So no pressure. In her soap days, Gibson jokes, people would often look at her on the street quizzically, as if to ask, "Do I know you from somewhere?" Are you someone's ex-girlfriend?" But when her first episode airs on December 25, she'll be on her way to household name status, joining the ranks of WHO companions such as Billie Piper, Freema Agyeman, Jenna Coleman and Karen Gillan. It was Gibson's father who introduced her to the show, and she remembers sitting down to watch Gillan zoom through space and time with 11th Doctor Matt Smith. So when she got the gig, "she reached out [Gillan] because I'm such a fangirl. She responded and was just very supportive, and gave me so much great advice.

Being a companion, she says, is like being part of "a community that only people who have lived through it understand." When her casting was announced during last year's Children in Need broadcast, then-doctor Jodie Whittaker's name "also appeared on my phone", with a congratulatory message that she describes as "like a hug in a text message".

Gibson grew up in Tameside, Greater Manchester, with two older brothers.

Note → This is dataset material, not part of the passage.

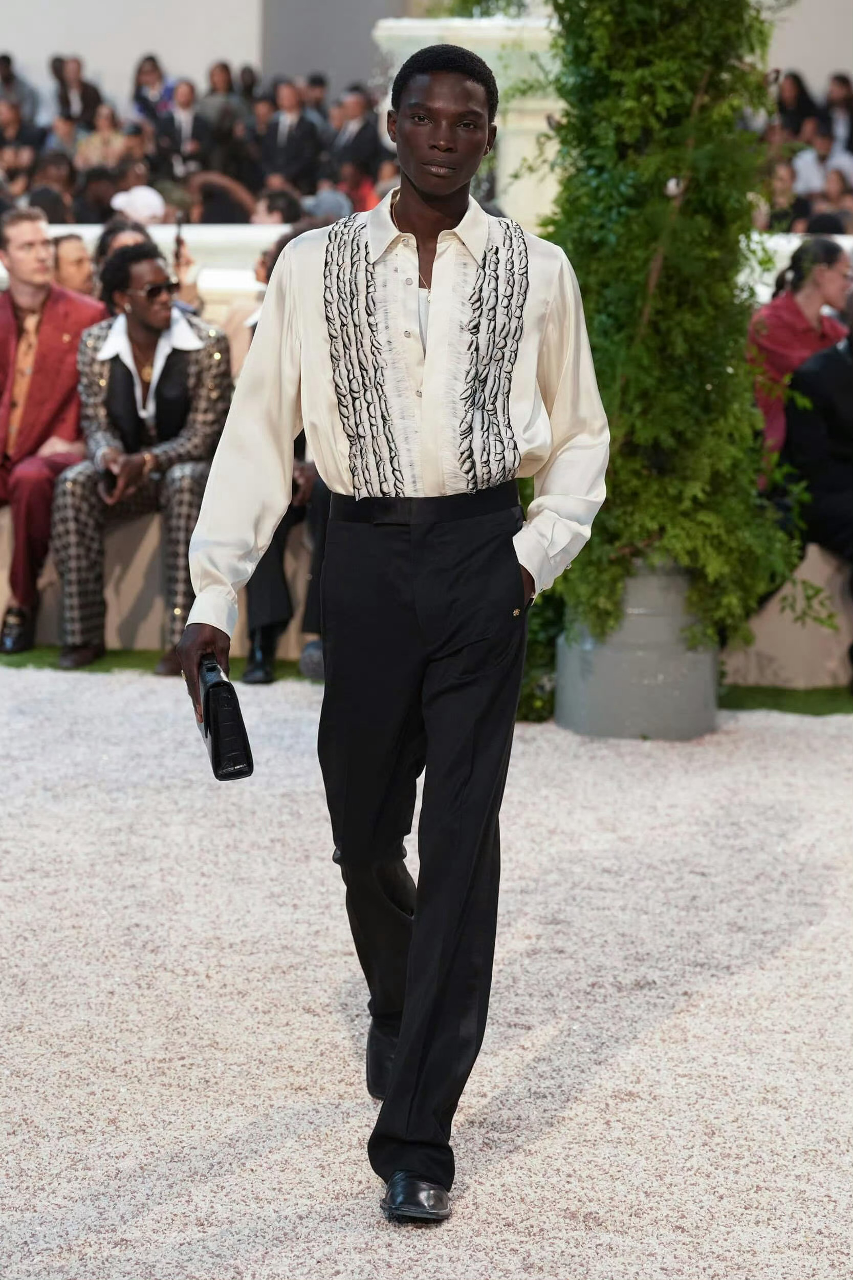 今日微博之夜活动造型 Look,黑色西装外套内搭Amiri 2026春夏系列羽饰衬衫,BVLGARI 珠宝的点缀下,休闲帅气、风度十足的严浩翔闪耀登场✨

No one in her family is in the entertainment industry, she says, but "personally speaking, they are quite creative" and always encouraged her dramatic tendencies. "During the lockdown we found all my baby videos and started watching them. And oh my god, [being an] actress was definitely in the blood from the start," she laughs. "I saw them thinking: 'Oh my God, what have you done Doing with me when I was younger?' I used to be CBBC presenters with my mum and do plays for them.

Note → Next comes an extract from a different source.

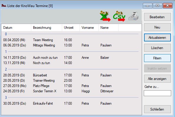 KnoWau Termine sind Aktivitäten oder Events zusätzlich zu Einzelstunden, Veranstaltungen oder Pensionsbetreuung und Kommt/Geht Ereignissen.
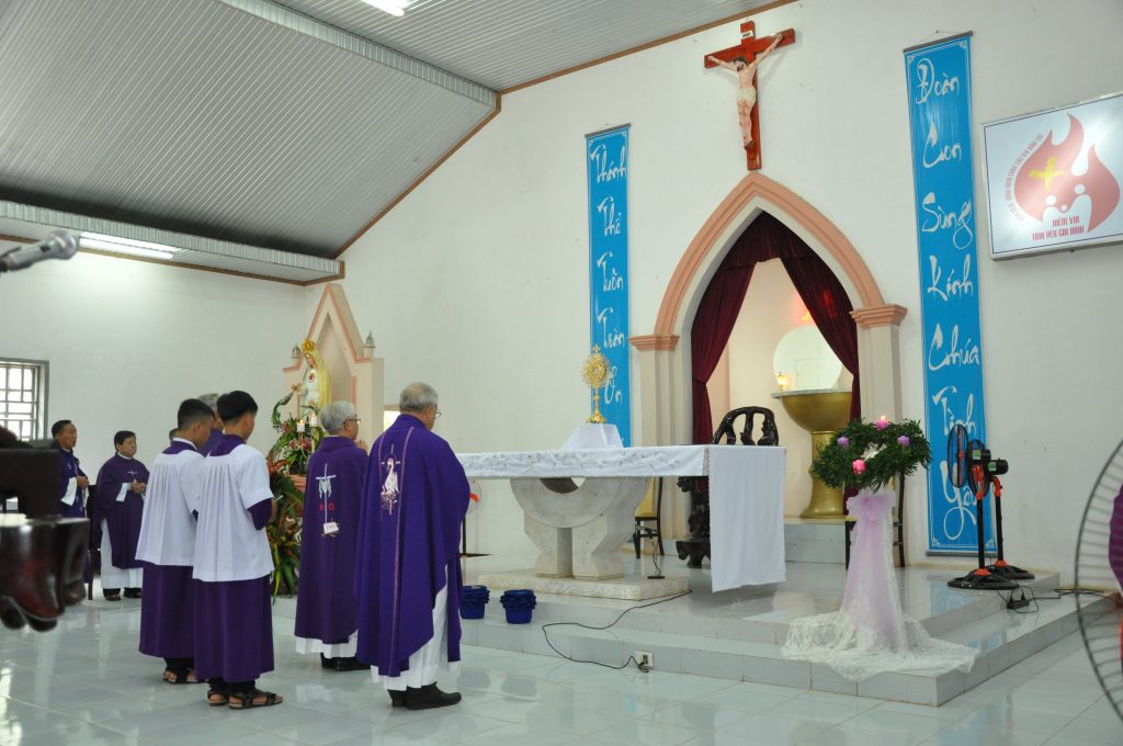 Đúng 9g30, thánh lễ đồng tế khai mạc ngày chầu được cử hành trọng thể do Cha Anphongsô Nguyễn Văn Thế – Quản hạt Xuyên Mộc chủ sự. Cùng đồng tế với ngài còn có Cha Giuse Võ Công Tiến – Tổng Đại diện Giáo phận Bà Rịa, quý cha cố, quý cha trong Giáo hạt Xuyên Mộc. Quý tu sĩ và đông đảo giáo dân trong giáo họ sốt sắng tham dự thánh lễ.

At the age of 11, she went to Oldham Theater Workshop, a drama school that has so many of them House of the Dragon star Olivia Cooke, Anna Friel and Sarah Lancashire among the former pupils, and where she "learned how to gain confidence and actually act, rather than just pretend". Institutions like these, she says, are "a dying art," with some drama classes offered online. "Especially in the North, I think it's becoming a lot less important... People are trying to get in [to OTW] and they can't because it's too full. That's nice too, but there has to be more [places like these]."

During a performance at the Theaterwerkplaats she was scouted by an agent, which led to roles in the CBBC show Jamie Johnson and shows like ITV's Butterfly. However, finding work so young was far from easy. " I was in year 9, and that's when girls are the meanest, going through the [teenage] hormones," she says. "I remember coming back and saying, 'Hey guys, what did I miss?' and then no one spoke to me for months. I told my mom, 'I can't do another audition because the girls don't want to talk to me anymore.'" She thinks. "Being a child actor is so hard."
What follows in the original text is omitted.